Activity: Go through the listing below and retype exactly the lines starting at the one with "Place the currant" and ending at the one with "絵日記を書く時間でした。今日", skipping pictures.

### Records for the exercise

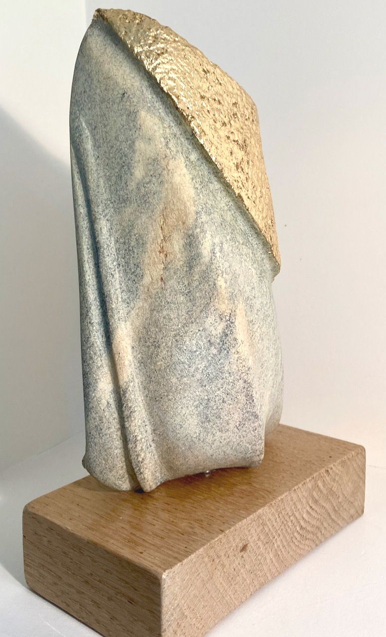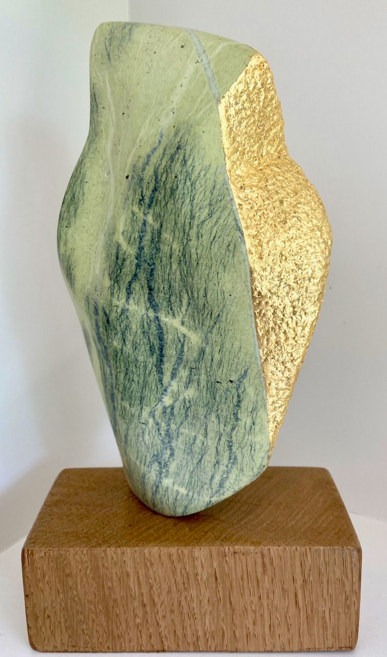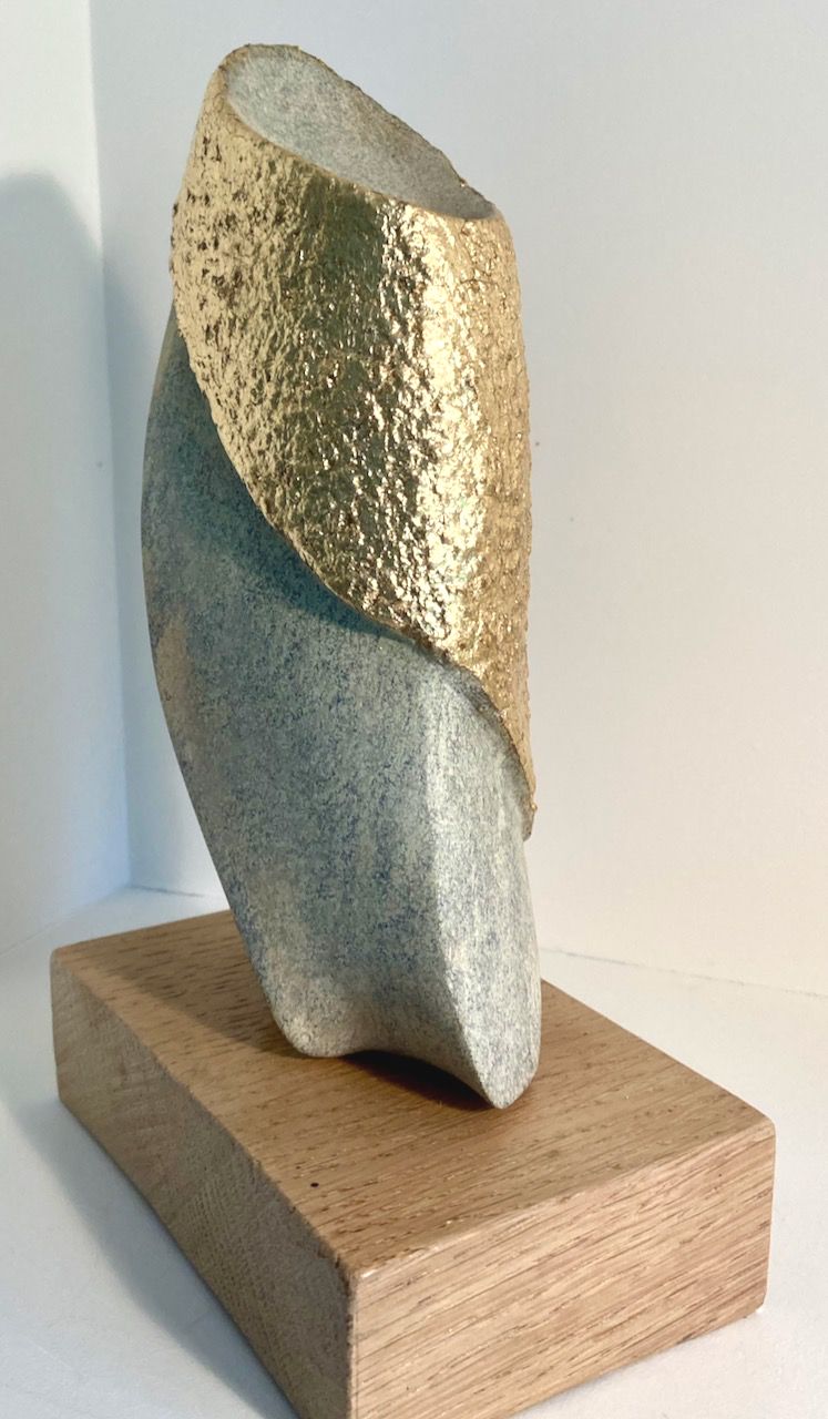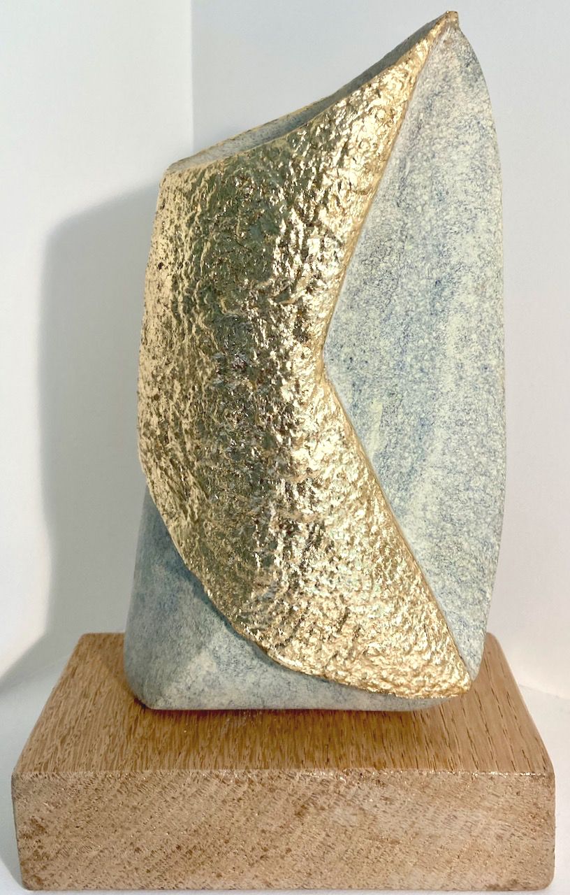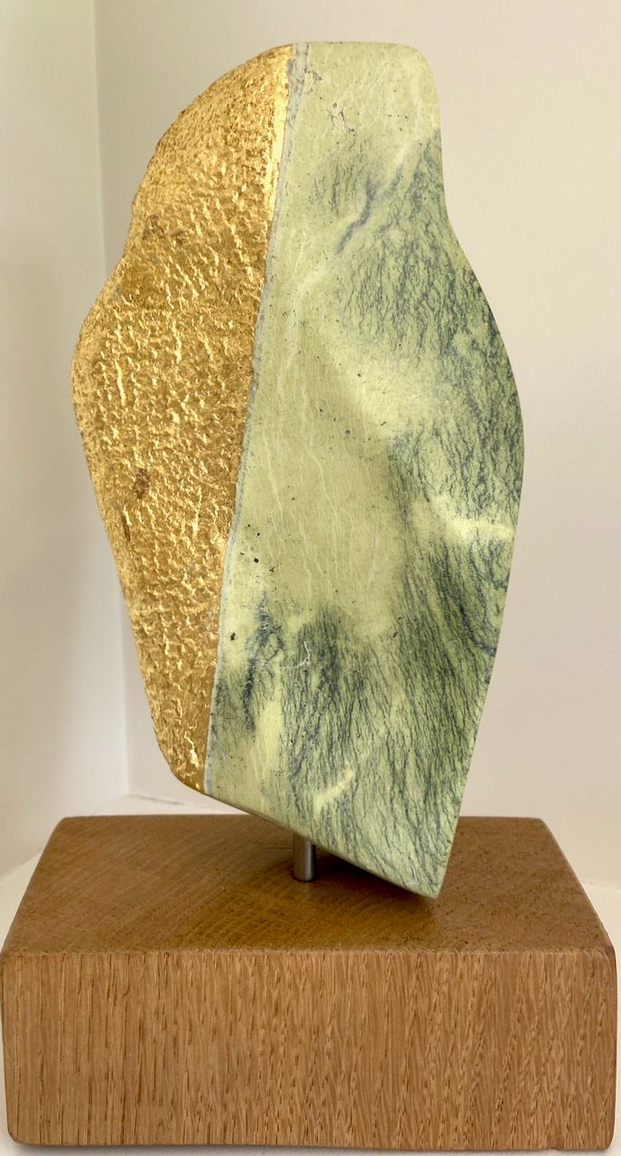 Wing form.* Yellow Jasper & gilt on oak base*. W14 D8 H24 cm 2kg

######
### Records for the exercise

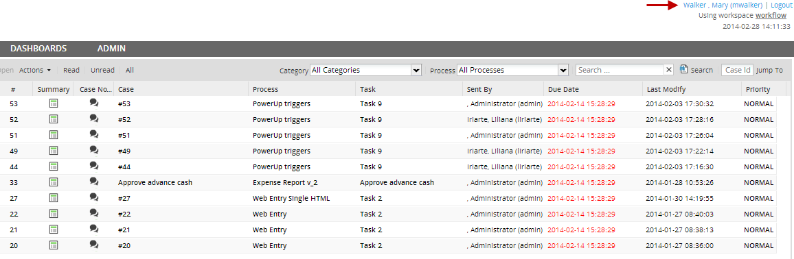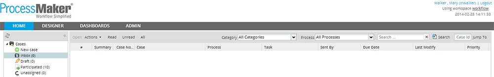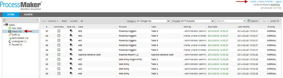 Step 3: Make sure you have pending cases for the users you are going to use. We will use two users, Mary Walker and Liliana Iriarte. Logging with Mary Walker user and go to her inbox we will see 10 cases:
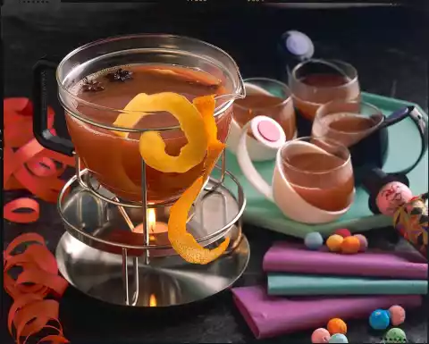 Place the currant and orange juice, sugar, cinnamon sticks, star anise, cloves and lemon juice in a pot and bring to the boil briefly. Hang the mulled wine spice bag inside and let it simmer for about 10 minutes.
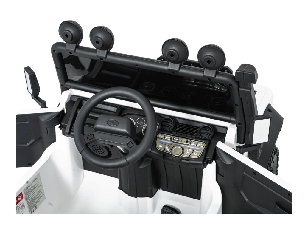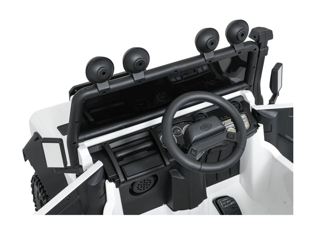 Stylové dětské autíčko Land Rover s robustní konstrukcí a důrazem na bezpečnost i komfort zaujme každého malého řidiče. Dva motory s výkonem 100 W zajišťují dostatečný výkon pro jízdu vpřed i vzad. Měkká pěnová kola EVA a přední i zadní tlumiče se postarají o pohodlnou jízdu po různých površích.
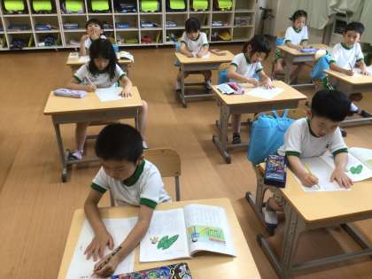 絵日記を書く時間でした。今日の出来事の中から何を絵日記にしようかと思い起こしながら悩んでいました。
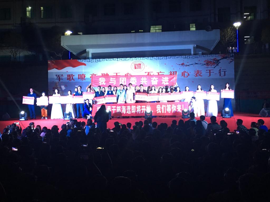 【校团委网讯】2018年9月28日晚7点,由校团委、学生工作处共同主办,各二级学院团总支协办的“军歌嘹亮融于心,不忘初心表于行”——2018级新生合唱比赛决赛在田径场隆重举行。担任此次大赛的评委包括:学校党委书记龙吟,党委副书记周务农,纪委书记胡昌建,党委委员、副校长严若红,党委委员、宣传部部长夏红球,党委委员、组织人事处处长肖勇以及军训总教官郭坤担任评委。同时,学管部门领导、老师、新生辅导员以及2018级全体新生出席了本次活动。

######

Result of this task:
 Place the currant and orange juice, sugar, cinnamon sticks, star anise, cloves and lemon juice in a pot and bring to the boil briefly. Hang the mulled wine spice bag inside and let it simmer for about 10 minutes.
 Stylové dětské autíčko Land Rover s robustní konstrukcí a důrazem na bezpečnost i komfort zaujme každého malého řidiče. Dva motory s výkonem 100 W zajišťují dostatečný výkon pro jízdu vpřed i vzad. Měkká pěnová kola EVA a přední i zadní tlumiče se postarají o pohodlnou jízdu po různých površích.
 絵日記を書く時間でした。今日の出来事の中から何を絵日記にしようかと思い起こしながら悩んでいました。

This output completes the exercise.